> PROBLEM STATEMENT
When you repeat the entries, reproduce each line exactly and omit every picture.

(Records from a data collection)
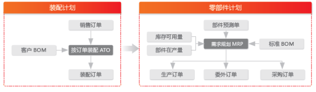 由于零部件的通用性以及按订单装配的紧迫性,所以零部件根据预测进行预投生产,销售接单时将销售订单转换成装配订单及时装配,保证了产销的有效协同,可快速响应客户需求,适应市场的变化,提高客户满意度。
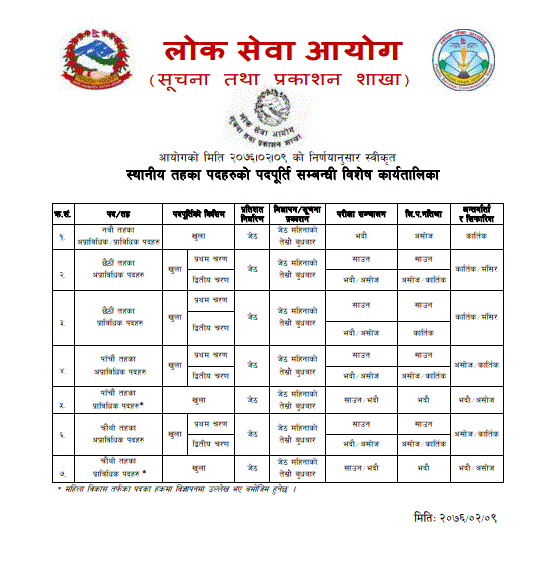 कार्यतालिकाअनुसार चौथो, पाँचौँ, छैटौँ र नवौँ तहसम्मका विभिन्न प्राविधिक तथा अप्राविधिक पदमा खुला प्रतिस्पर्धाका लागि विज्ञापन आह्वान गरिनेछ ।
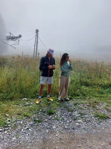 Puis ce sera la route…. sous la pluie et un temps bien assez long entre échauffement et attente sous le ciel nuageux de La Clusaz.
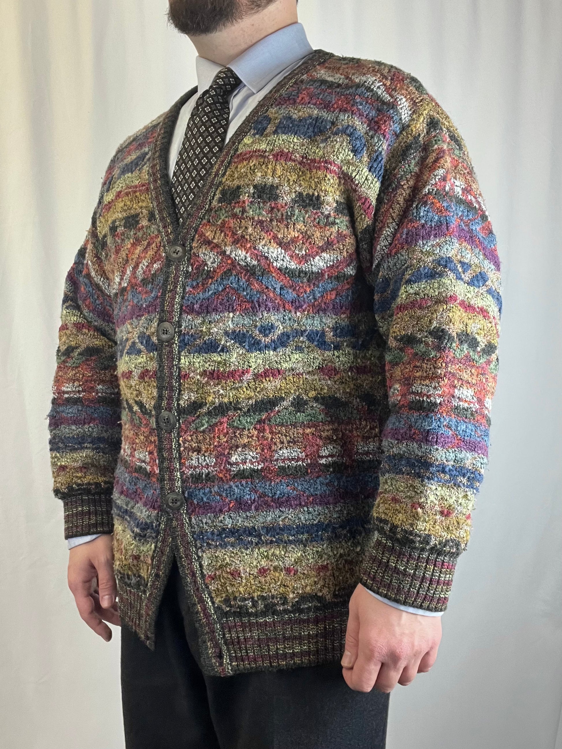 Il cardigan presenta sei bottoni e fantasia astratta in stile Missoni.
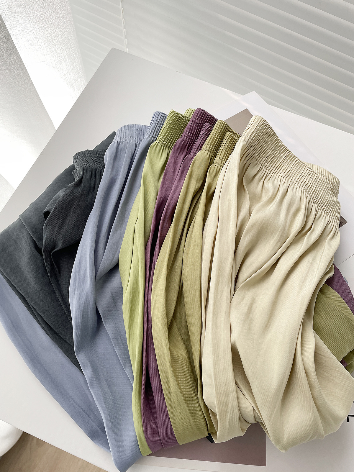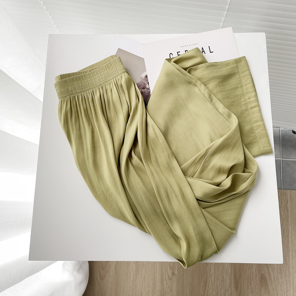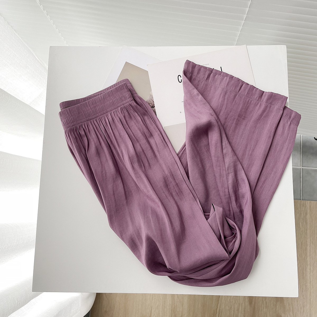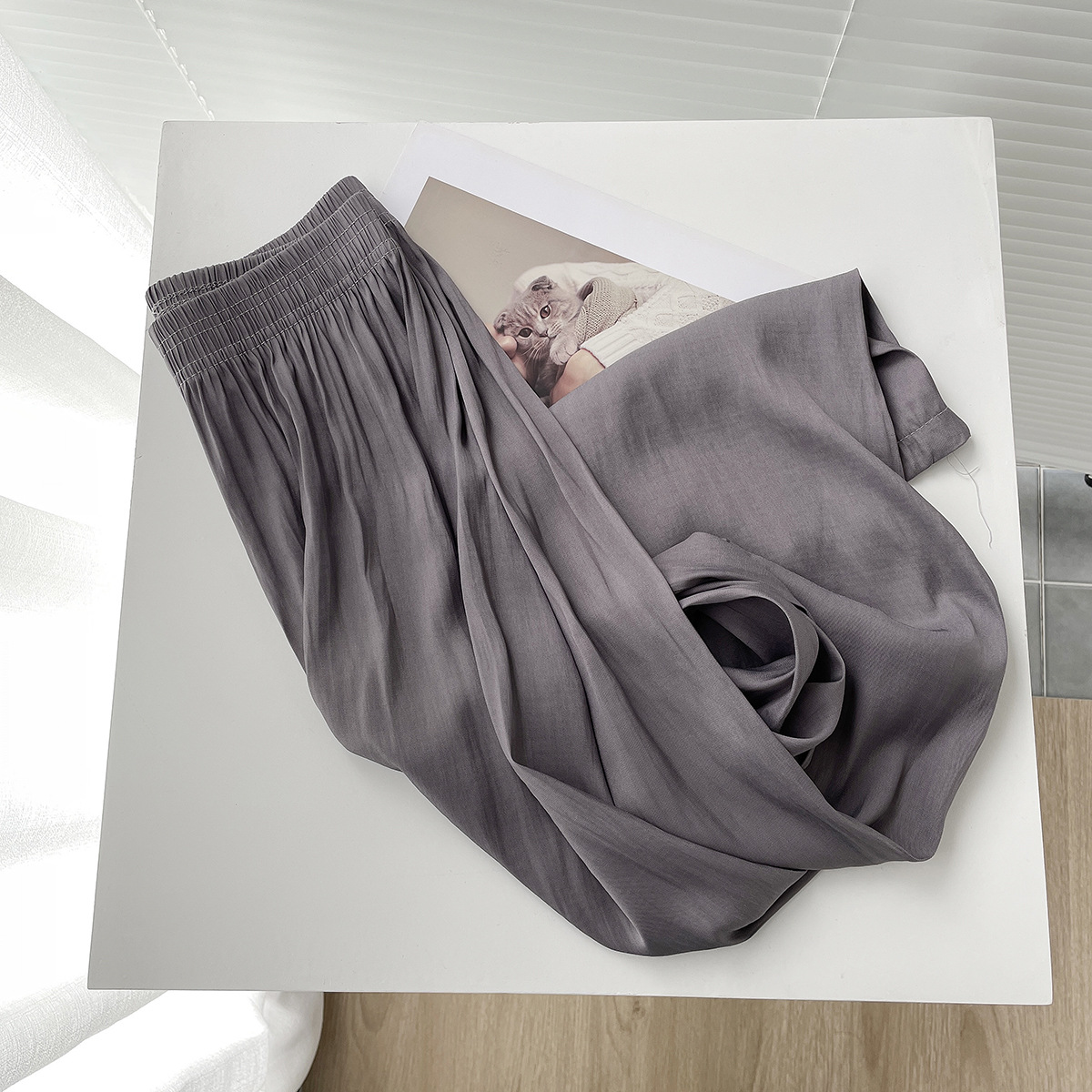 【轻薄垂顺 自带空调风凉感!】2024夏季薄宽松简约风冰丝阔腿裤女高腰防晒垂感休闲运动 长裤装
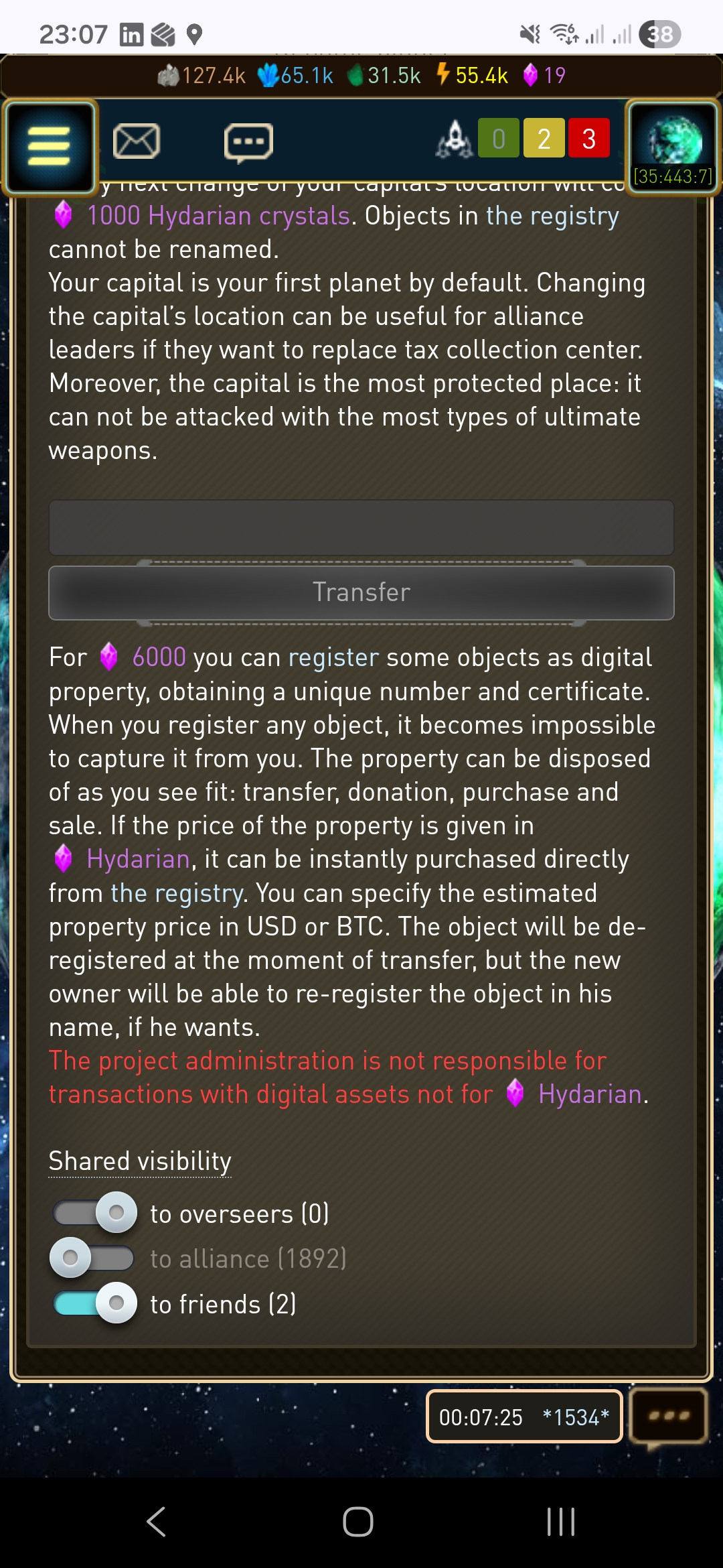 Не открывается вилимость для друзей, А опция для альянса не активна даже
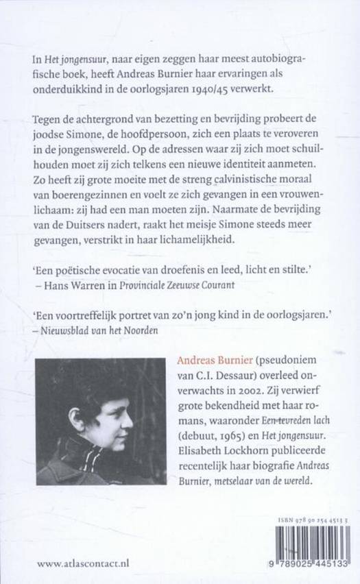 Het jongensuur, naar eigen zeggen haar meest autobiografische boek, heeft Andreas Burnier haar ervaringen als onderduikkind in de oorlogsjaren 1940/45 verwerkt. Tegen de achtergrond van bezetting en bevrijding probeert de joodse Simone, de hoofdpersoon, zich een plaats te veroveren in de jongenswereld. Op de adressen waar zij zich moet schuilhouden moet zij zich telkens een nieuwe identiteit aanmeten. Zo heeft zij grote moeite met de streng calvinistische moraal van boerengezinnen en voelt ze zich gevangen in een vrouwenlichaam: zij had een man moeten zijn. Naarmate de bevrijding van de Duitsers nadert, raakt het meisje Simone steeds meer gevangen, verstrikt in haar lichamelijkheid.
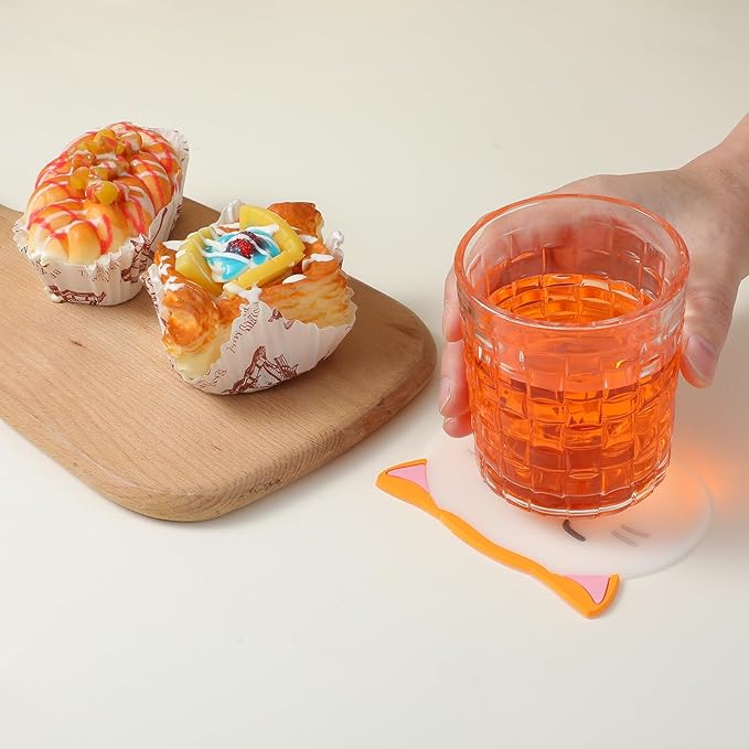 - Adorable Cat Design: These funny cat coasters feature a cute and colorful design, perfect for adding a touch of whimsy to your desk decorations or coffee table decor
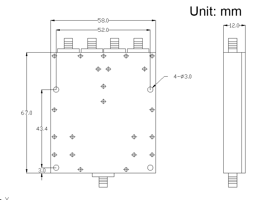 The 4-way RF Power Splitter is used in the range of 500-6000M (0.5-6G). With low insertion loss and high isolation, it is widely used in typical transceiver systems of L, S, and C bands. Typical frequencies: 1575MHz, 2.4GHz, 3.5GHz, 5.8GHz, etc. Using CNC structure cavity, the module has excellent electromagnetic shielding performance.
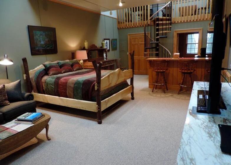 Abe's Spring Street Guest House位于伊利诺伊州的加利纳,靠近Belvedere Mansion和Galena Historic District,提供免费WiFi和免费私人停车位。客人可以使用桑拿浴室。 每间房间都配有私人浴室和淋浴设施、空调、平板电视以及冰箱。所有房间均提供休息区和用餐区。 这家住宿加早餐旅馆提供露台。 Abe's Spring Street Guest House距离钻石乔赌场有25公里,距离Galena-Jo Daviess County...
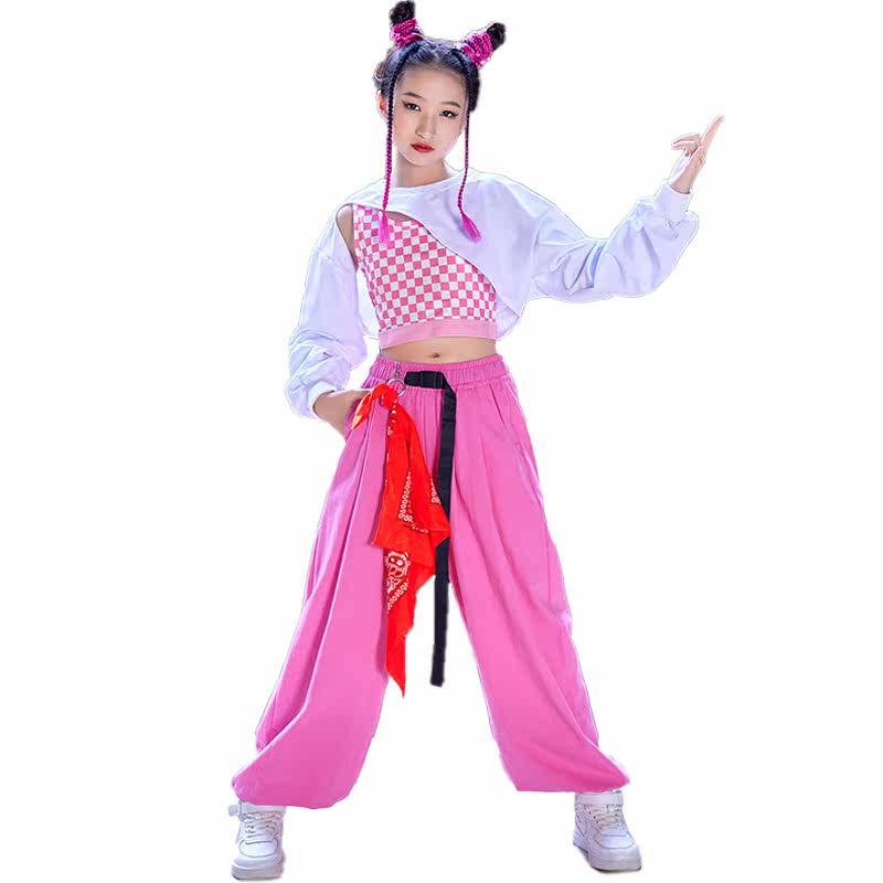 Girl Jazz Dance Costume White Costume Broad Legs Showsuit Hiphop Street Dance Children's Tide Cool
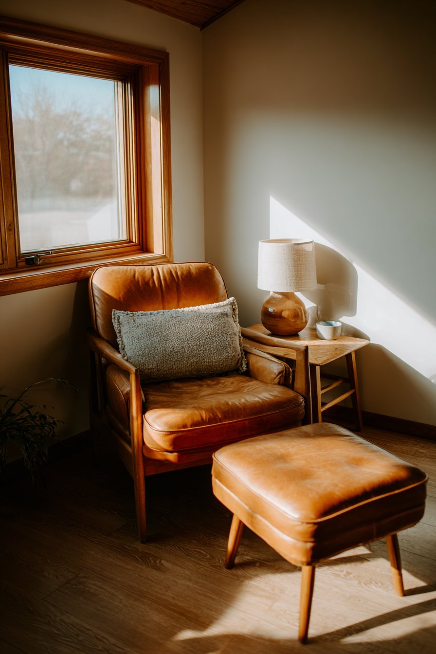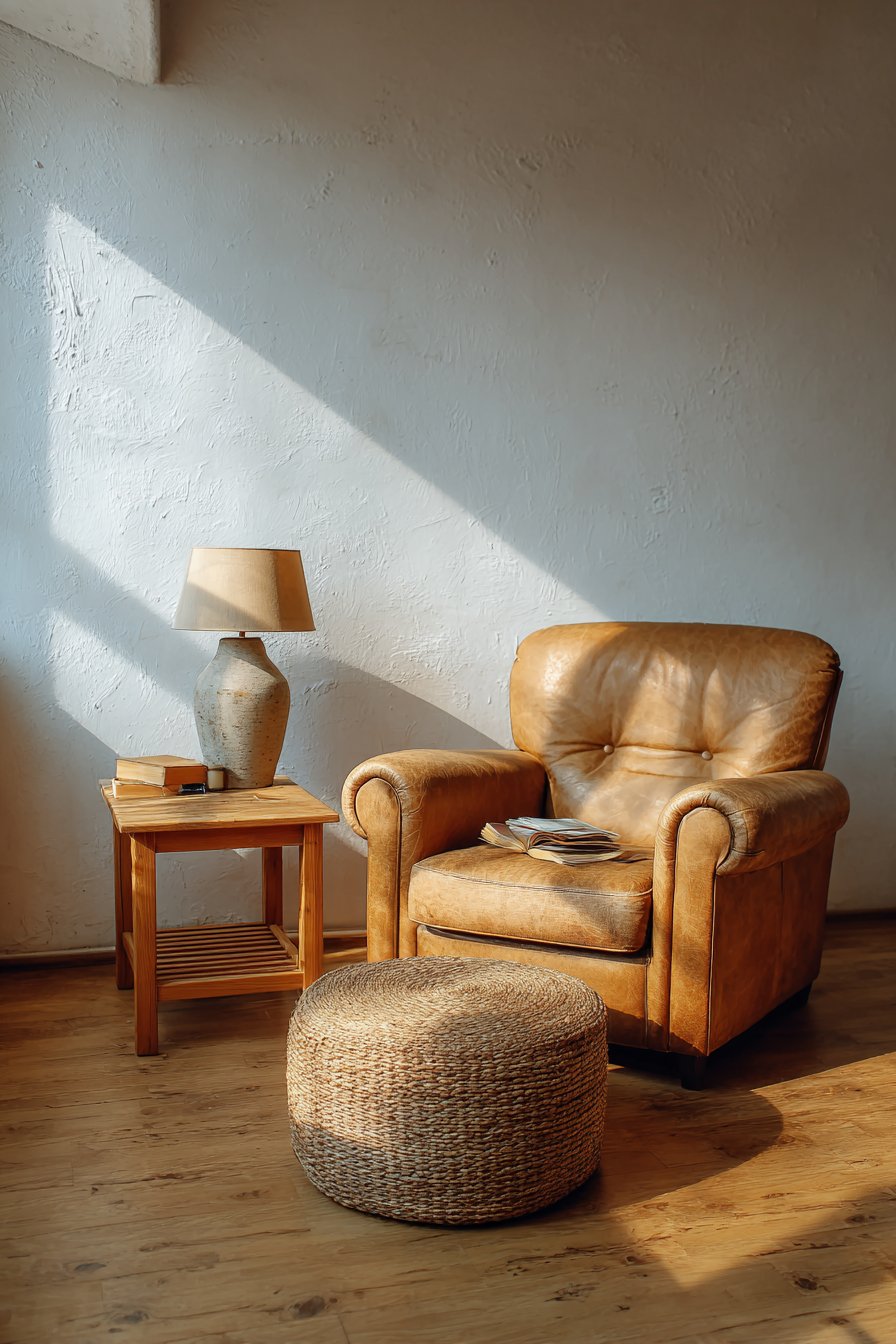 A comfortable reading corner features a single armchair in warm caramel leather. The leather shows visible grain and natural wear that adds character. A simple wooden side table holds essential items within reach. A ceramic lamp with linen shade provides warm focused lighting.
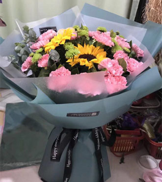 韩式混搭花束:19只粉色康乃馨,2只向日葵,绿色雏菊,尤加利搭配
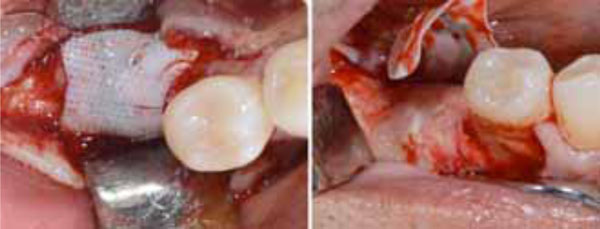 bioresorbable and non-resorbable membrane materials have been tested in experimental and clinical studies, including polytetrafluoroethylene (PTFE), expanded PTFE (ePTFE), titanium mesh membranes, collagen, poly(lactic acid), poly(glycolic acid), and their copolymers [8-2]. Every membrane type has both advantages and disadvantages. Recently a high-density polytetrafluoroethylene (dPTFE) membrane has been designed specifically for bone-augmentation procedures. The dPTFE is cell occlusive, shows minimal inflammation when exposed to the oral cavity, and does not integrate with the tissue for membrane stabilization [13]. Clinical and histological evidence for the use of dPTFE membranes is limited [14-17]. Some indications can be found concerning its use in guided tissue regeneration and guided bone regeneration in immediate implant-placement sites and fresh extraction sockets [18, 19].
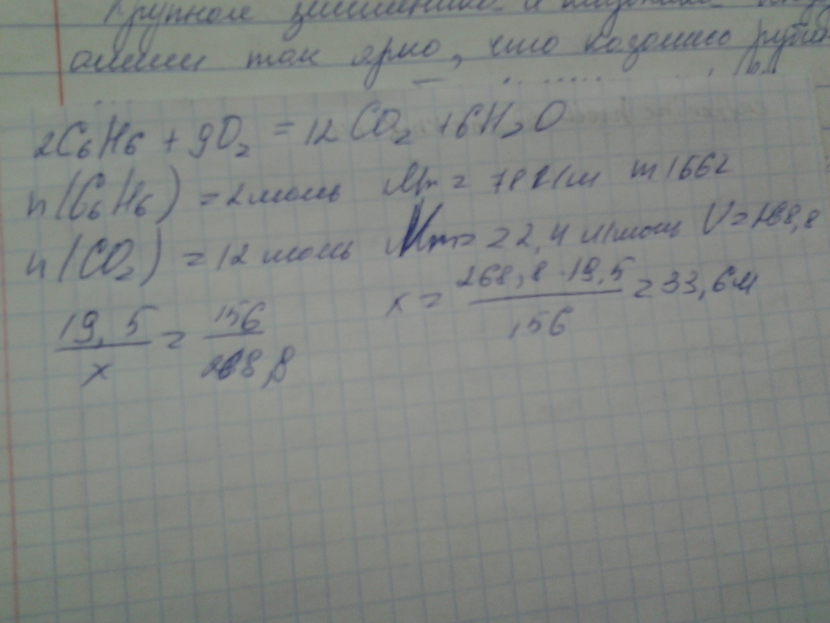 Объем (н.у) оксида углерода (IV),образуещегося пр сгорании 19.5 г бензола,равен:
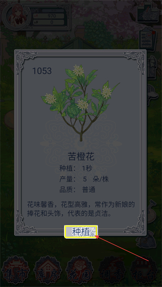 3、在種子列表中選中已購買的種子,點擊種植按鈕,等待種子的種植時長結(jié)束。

> RESULT FOR THIS EXERCISE
 由于零部件的通用性以及按订单装配的紧迫性,所以零部件根据预测进行预投生产,销售接单时将销售订单转换成装配订单及时装配,保证了产销的有效协同,可快速响应客户需求,适应市场的变化,提高客户满意度。
 कार्यतालिकाअनुसार चौथो, पाँचौँ, छैटौँ र नवौँ तहसम्मका विभिन्न प्राविधिक तथा अप्राविधिक पदमा खुला प्रतिस्पर्धाका लागि विज्ञापन आह्वान गरिनेछ ।
 Puis ce sera la route…. sous la pluie et un temps bien assez long entre échauffement et attente sous le ciel nuageux de La Clusaz.
 Il cardigan presenta sei bottoni e fantasia astratta in stile Missoni.
 【轻薄垂顺 自带空调风凉感!】2024夏季薄宽松简约风冰丝阔腿裤女高腰防晒垂感休闲运动 长裤装
 Не открывается вилимость для друзей, А опция для альянса не активна даже
 Het jongensuur, naar eigen zeggen haar meest autobiografische boek, heeft Andreas Burnier haar ervaringen als onderduikkind in de oorlogsjaren 1940/45 verwerkt. Tegen de achtergrond van bezetting en bevrijding probeert de joodse Simone, de hoofdpersoon, zich een plaats te veroveren in de jongenswereld. Op de adressen waar zij zich moet schuilhouden moet zij zich telkens een nieuwe identiteit aanmeten. Zo heeft zij grote moeite met de streng calvinistische moraal van boerengezinnen en voelt ze zich gevangen in een vrouwenlichaam: zij had een man moeten zijn. Naarmate de bevrijding van de Duitsers nadert, raakt het meisje Simone steeds meer gevangen, verstrikt in haar lichamelijkheid.
 - Adorable Cat Design: These funny cat coasters feature a cute and colorful design, perfect for adding a touch of whimsy to your desk decorations or coffee table decor
 The 4-way RF Power Splitter is used in the range of 500-6000M (0.5-6G). With low insertion loss and high isolation, it is widely used in typical transceiver systems of L, S, and C bands. Typical frequencies: 1575MHz, 2.4GHz, 3.5GHz, 5.8GHz, etc. Using CNC structure cavity, the module has excellent electromagnetic shielding performance.
 Abe's Spring Street Guest House位于伊利诺伊州的加利纳,靠近Belvedere Mansion和Galena Historic District,提供免费WiFi和免费私人停车位。客人可以使用桑拿浴室。 每间房间都配有私人浴室和淋浴设施、空调、平板电视以及冰箱。所有房间均提供休息区和用餐区。 这家住宿加早餐旅馆提供露台。 Abe's Spring Street Guest House距离钻石乔赌场有25公里,距离Galena-Jo Daviess County...
 Girl Jazz Dance Costume White Costume Broad Legs Showsuit Hiphop Street Dance Children's Tide Cool
 A comfortable reading corner features a single armchair in warm caramel leather. The leather shows visible grain and natural wear that adds character. A simple wooden side table holds essential items within reach. A ceramic lamp with linen shade provides warm focused lighting.
 韩式混搭花束:19只粉色康乃馨,2只向日葵,绿色雏菊,尤加利搭配
 bioresorbable and non-resorbable membrane materials have been tested in experimental and clinical studies, including polytetrafluoroethylene (PTFE), expanded PTFE (ePTFE), titanium mesh membranes, collagen, poly(lactic acid), poly(glycolic acid), and their copolymers [8-2]. Every membrane type has both advantages and disadvantages. Recently a high-density polytetrafluoroethylene (dPTFE) membrane has been designed specifically for bone-augmentation procedures. The dPTFE is cell occlusive, shows minimal inflammation when exposed to the oral cavity, and does not integrate with the tissue for membrane stabilization [13]. Clinical and histological evidence for the use of dPTFE membranes is limited [14-17]. Some indications can be found concerning its use in guided tissue regeneration and guided bone regeneration in immediate implant-placement sites and fresh extraction sockets [18, 19].
 Объем (н.у) оксида углерода (IV),образуещегося пр сгорании 19.5 г бензола,равен:
 3、在種子列表中選中已購買的種子,點擊種植按鈕,等待種子的種植時長結(jié)束。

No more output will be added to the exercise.